I wasn't trying to jack the thread. Diatoms are normal for new tanks...I thought using seeded filter media would save me the hassle, but no such luck. My nerite and amanos seem happy so I guess it's fine. Ugly, but fine.

I'm curious though if the OP's addition of a UV light wasn't coincidentally in-line with the diatoms (if that is what it was) completing their natural process. I wouldn't want a bunch of ppl new to the hobby to read this and spend money on a UV light if it will not prevent diatoms.

Anybody know if UV should prevent diatoms?


----------



## concepts88 (Oct 4, 2012)

Hi

What I can tell you is only my experience, I wouldnt go out and buy one based on my one action, it is up to you.

If you google UV filters, in many articles it does state that it kills diatoms in the water. It will not kill EXISTING diatoms on rocks, etc since it is not flowing in the UV filter.

Further, a successful UV filter has to do with the wattage of the light and also the flow through the filter. The problem with UV filters which are built into filters is that they are not matched together. My UV light is 9watts and puts out less than 50gph, which is very slow flow. With cheaper units like the filters sold on Ebay, the UV light is just a dressing. It is not designed properly and/or the flow is too fast. There are also other issues with the spacing, a good read on this is here

http://www.americanaquariumproducts.com/AquariumUVSterilization.html

I have a LOT of light above my tank. When I ran the UV light, it lessen or I didnt even see any more blotches of Brown Algae in my tank. With my lighting, I can literally see it grow in a few hours.

Ironically, I was doing a water change, and air got into my new UV light, and the pump wasnt pumping water. That day, I did get more brown spots.

The next day, I fixed the issue, released the bubbles, the UV light worked and that day, I got less or no new spots.

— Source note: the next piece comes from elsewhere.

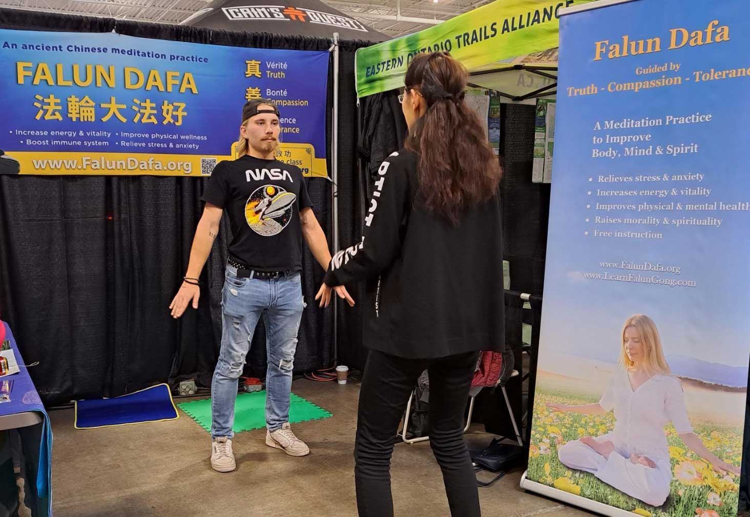 学员接着说,法轮功的自我提升体系中,除了炼功,还要遵守真、善、忍的原则。史蒂夫说,“在这里,我就能感受到真、善、忍的场围绕着展位,所以这个地方让人感到平静、美好。人们能感受到学员的包容和善意,我认为所有人都应该来学。”

Is it scientific? No, coincidence? Maybe. 

But what I do know is my friend with a large bow tank moved some plants around, he run 2 filters, and even ran a polisher on a 1200 powerhead, and no matter what he did, after a week the water did not clear up. He went out and bought the same UV light, and the VERY NEXT DAY, the water was CRYSTAL CLEAR.

So if anything, maybe it can keep the water clear.

My friend also commented that he had spot dust algae on the glass, he would wake up each day, scrap it off, and ever since he been using the UV light, no more dust algae on his glass.

Just our 2 experiences, but it has been positive for us, but there may be other factors also, who knows.


----------



## syzygy9 (Aug 9, 2010)

Good article....thanks for the additional info.

I suspected the built in 9W UV would not be very effective since similar wattage stand alone UV units typically specify a maximum flow rate that is about 3-4X less than what the filter produces.


----------